To make matters worse, age-old border disputes with India have flared up. Both sides are claiming lands that are currently occupied by the Indian forces. The other day, the chief of Indian army alluded that Nepal is raising the border issue at the behest of ‘someone else’. This someone else is no other than China, our northern neighbor. While this dispute is not new, it comes at a time when both Nepal and India should be working together to curb the flow of people across the open borders, and cooperating on defeating coronavirus. 

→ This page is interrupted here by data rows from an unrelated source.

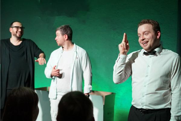 Один из моих самых любимых спектаклей в Квартирнике! Умно, тонко, жизнерадостно! Играют отличные ребята. И сохраняется приветственный бокал шампанского. Это приятно
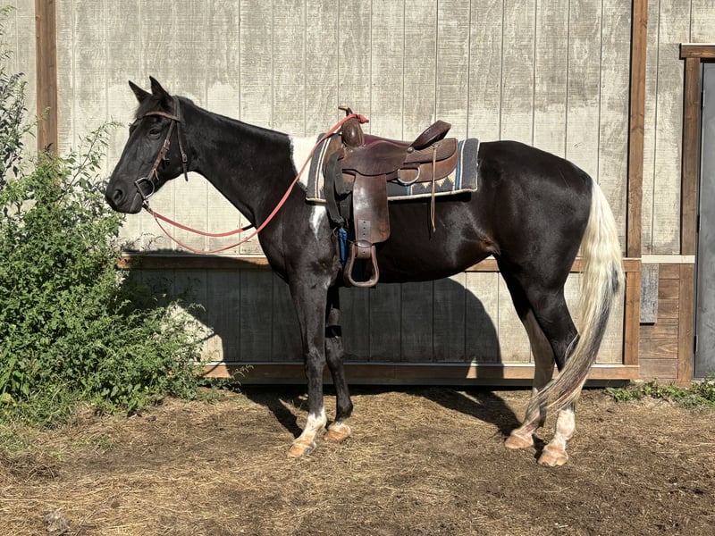 Lass dich vom Alter nicht täuschen – dieses Pferd liebt Bewegung! Sie wurde überwiegend im Gelände eingesetzt. Sie geht freiwillig mit, auch alleine. Sie überquert Bäche und folgt den Anweisungen ihres Reiters. Außerdem wurde sie im Reitplatz genutzt. Sie wurde in Unterrichtseinheiten geritten, allerdings mit einem selbstbewussteren Reiter. Sie wurde an das Barrel-Pattern herangeführt. Sie ist sehr willig, zeigt aber mehr Antrieb als Bremse. Sie liebt Aufmerksamkeit und begrüßt dich gerne auf der Weide. Sie steht problemlos beim Schmied. Transportiert sie gut. Ist aktuell geimpft und hat einen aktuellen Coggins-Test.
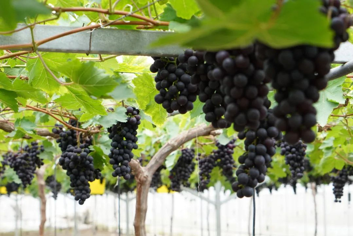 位于金山区吕巷镇的施泉葡萄园里,促早栽培的“夏黑”“寒香蜜”等明星品种已领衔登场,提前与消费者见面。作为沪上知名的“葡萄王国”,施泉共种植26个优质葡萄品种,覆盖早、中、晚熟全周期:7月经典热销的“申华”“巨峰”“醉金香”接力上市,口感鲜甜;进入8月,“巨玫瑰”“阳光玫瑰”等压轴亮相,其卓越的品质和独特风味备受市场青睐。其中的新品种“申华”由上海市农业科学院专家精心培育,凭借大粒、无核、易种、高产、肉质厚实、散发酒香以及浓郁风味等众多优点,受到大批消费者的喜爱。
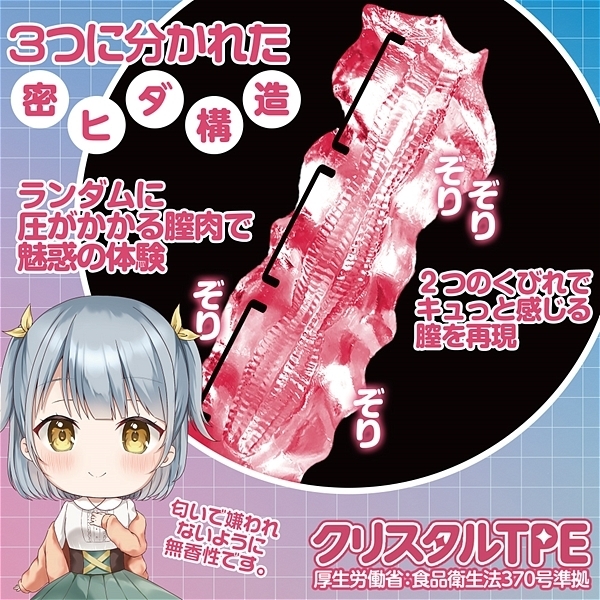 緊張して体に力が入ってしまう。そんな自然な硬さを再現。大人気「もちっ娘 透けルトン 生感トリプル・トゥーループ」の内部構造はそのままに初めての硬さを再現。六角形で作られた星型の内部構造は大きく3ブロックに分かれており、進む度にランダムな圧が波を打つ。緊張しているかのような硬さ×3連の波は何度でも試したくなる魅力があります。クリアピンクボディの見た目は美しさはもちろん、視認できるからとってもえちえち。

Reports of thousands of Nepalis stuck at the India side of the border are all over the media. Videos of Indian security forces telling Nepali migrant workers to leave for Nepal have made rounds on Facebook and Twitter. Those living in the comforts of 24-hour electricity, water and safe homes are typing out extreme rhetoric on Twitter and Facebook: the burning of Indian flags to call for an uprising against India. If these nasty slogans win the day, our very survival as a country will be at stake. “We now live in a world of people who provoke for a living,” says Chimamanda Ngozi Adiche, a Nigerian-born author. 



Trend of coronavirus infections in Nepal. Source: Coronavirus Resource Center, Johns Hopkins University


While all this is going on, Prime Minister KP Sharma Oli is busy writing poems. “No one has to die or cry now,” he wrote last week. As he wrestles to stay in power, other leaders within the communist party want to kick him out. The game is being played out on national television, and on the front pages of newspapers and online portals for the last few weeks. It almost appears that the tragedy of tragedies is upon us. 


It’s a horrible time to have a horribly incompetent government. Nepalis working in the Middle East, India, Malaysia, South Korea and elsewhere are pleading with the government to arrange for their safe return home. News coming from some of the crowded quarantine camps in the Middle East will be darker with each passing day. Some have run out of food. Others are dying, deprived of proper medical care.  


Will our government bring back millions of Nepalis stuck in their work countries? The math will play out loud and ugly: who gets to bring them home and how much will the contractors receive in return? If we need more medical supplies, such lucrative contracts will go to those who have been loyal soldiers to PM Oli and his people.  


There is an uncanny feeling of helplessness here. It feels as if we are put to the test, and our lives are being put to the test, constantly. People are sad, depressed and worried about their lives. A recent report says that 60% of employees have lost their jobs in Nepal due to the COVID-19 crisis. This crisis will only deepen as the number of coronavirus infected continues to increase at alarming rates. Children as young as thirteen are saying that they have to take care of themselves, and who can argue with them when we know our government is incompetent? When even our young do not trust the government and the leader leading us, we are in deep trouble. The lockdown has been extended for two more weeks, with no end in sight. As the nationwide lockdown enters the third month, the government rhetoric of ‘everything is hunky-dory’ is a perverse mathematics of tragedy when the dying and poor are struggling to save their lives.